7 Ocak günü Paris’te El Kaide örgütüne mensup iki teröristin, bir mizah dergisini basarak gerçekleştirdiği katliam tam bir vahşetti. Hiçbir gerekçesi, hiçbir mazereti kabul edilemeyecek bu katliama gösterilen evrensel tepkinin en somutu da, 11 Ocak günü Paris’te milyonların protesto yürüyüşü ve bu yürüyüşe Başbakan Davutoğlu dahil 53 ülkenin liderlerinin katılmasıydı.
Teröristlerin Cezayir asıllı ve Müslüman olmaları İslam alemini adeta sıkıntıya soktu. Saldırıyı kınayan Başbakan Davutoğlu “Bir kez daha altını çizerek vurgulamak istiyorum ki bu terör saldırıları bir barış dini olan İslam ile ilişkilendirilemez.” demek zorunda kaldı. Aynı mealde siyasi partiler dahil medya ve kamuoyu da saldırıyı şiddetle kınadı.
Bunlar bir tarafa, dünyanın pek çok yerinde yaşanan çok daha vahim ve vahşi katliamlar karşısında medeni dünyanın kılı kıpırdamış mıydı?
İsrail’in en az bu saldırıyı anımsatacak kadar Filistin’de gerçekleştirdiği vahşet ve katliam karşısında, Arap ülkeleri dahil İslam aleminin hiç sesini çıkardığı duyuldu mu?
11 Eylül’den sonra da ne yazık ki teröre karşı dünya bir ortak noktaya gelememişti. Oysa teröre karşı; kim tarafından, nerede yapılırsa yapılsın ve kurbanların kimliklerine bakılmaksızın dünyanın güçlü bir tepkiyi nasıl organize edebileceğinin bir yolu artık bulunmalıydı.
Şimdiye kadar ülke bazında uygulanan stratejilerle soruna çare bulunamadığı ortadadır.
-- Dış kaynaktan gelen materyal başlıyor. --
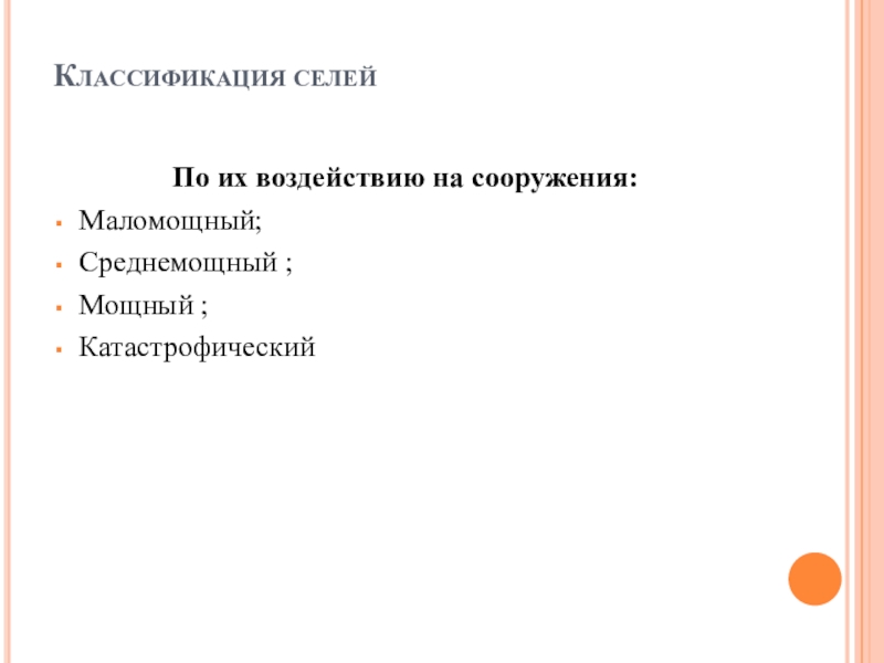 Классификация селей По их воздействию на сооружения:Маломощный;Среднемощный ;Мощный ;Катастрофический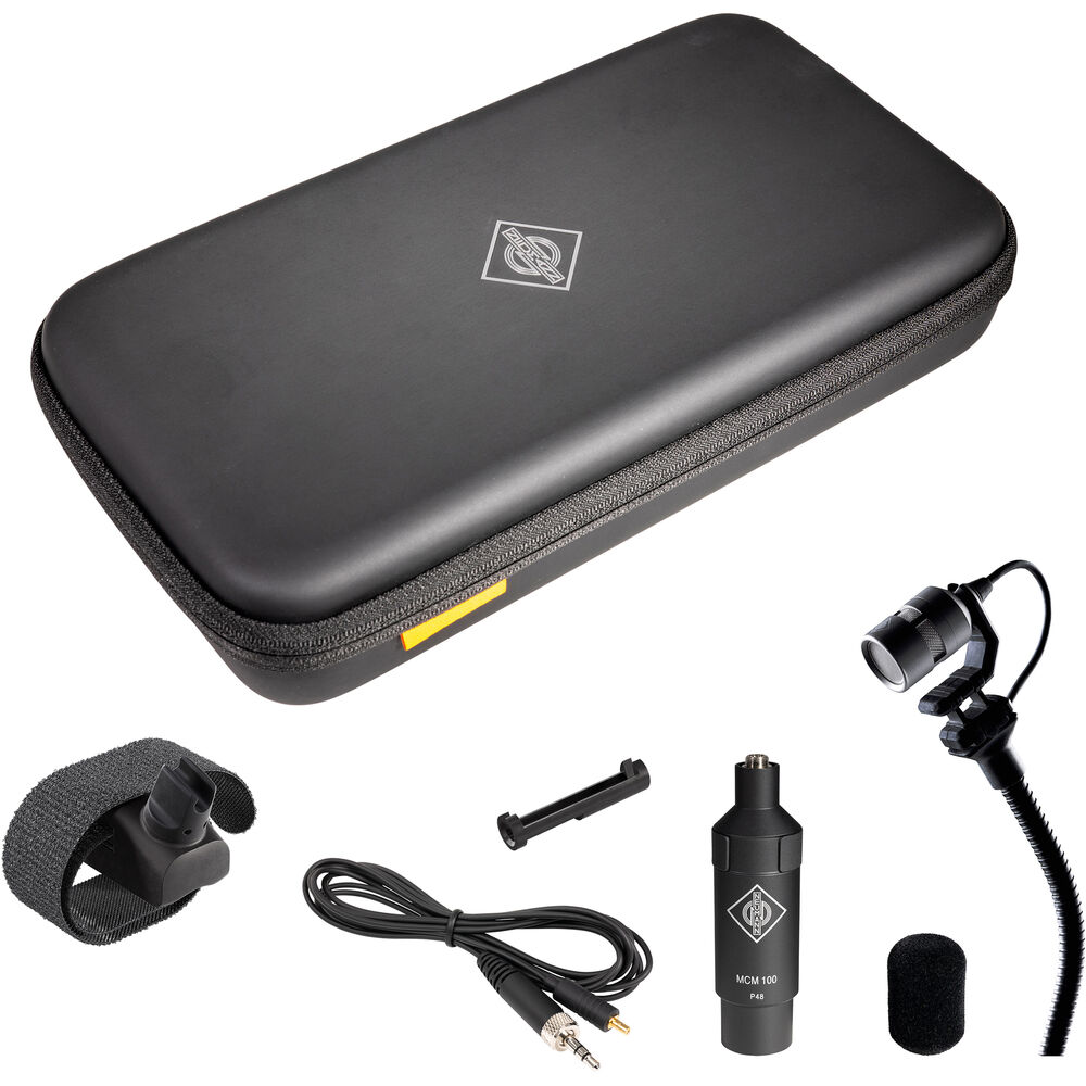 The MCM 114 SET WOODWINDS system includes a KK 14 cardioid capsule head, flexible 6" gooseneck, and MC 5 clip for mounting the gooseneck on the instrument. There is also an AC 31 cable with 3.5mm locking connectors for connecting the capsule to either the included MCM 100 48V phantom-powered XLR output-stage module or to the locking mini-jack input found on many Sennheiser wireless transmitters. The system's modular construction is designed to ensure a long service life that lasts for years. Manually assembled in Germany to align with Neumann's high standards, the MCM delivers first-rate tonal consistency plus that Neumann aesthetics and handling.

Konunun ivedilikle AB çerçevesinde ele alınmasının gerekli olduğu değerlendirilmektedir. Bu kapsamda önceliğin ortak, hiç değilse bölge bölge ortak stratejilerin tesbiti ve stratejiler için gerekli kaynakların ortaya konmasıdır. Bir yandan oluşturulacak teşkillerin eğitiminden yönetimine, koordinasyonundan yardımlaşmaya, finanstan sürdürülebilirliğe kadar hazırlıkları yapılırken toplumların da eşitlik, demokrasi, kardeşlik duygularının geliştirilmesinin ve bu esasları düzenleyen yasal ortamların oluşturulma çalışmalarının ivedilikle hayata geçirilmesinin gerekliliği apaçık ortadadır.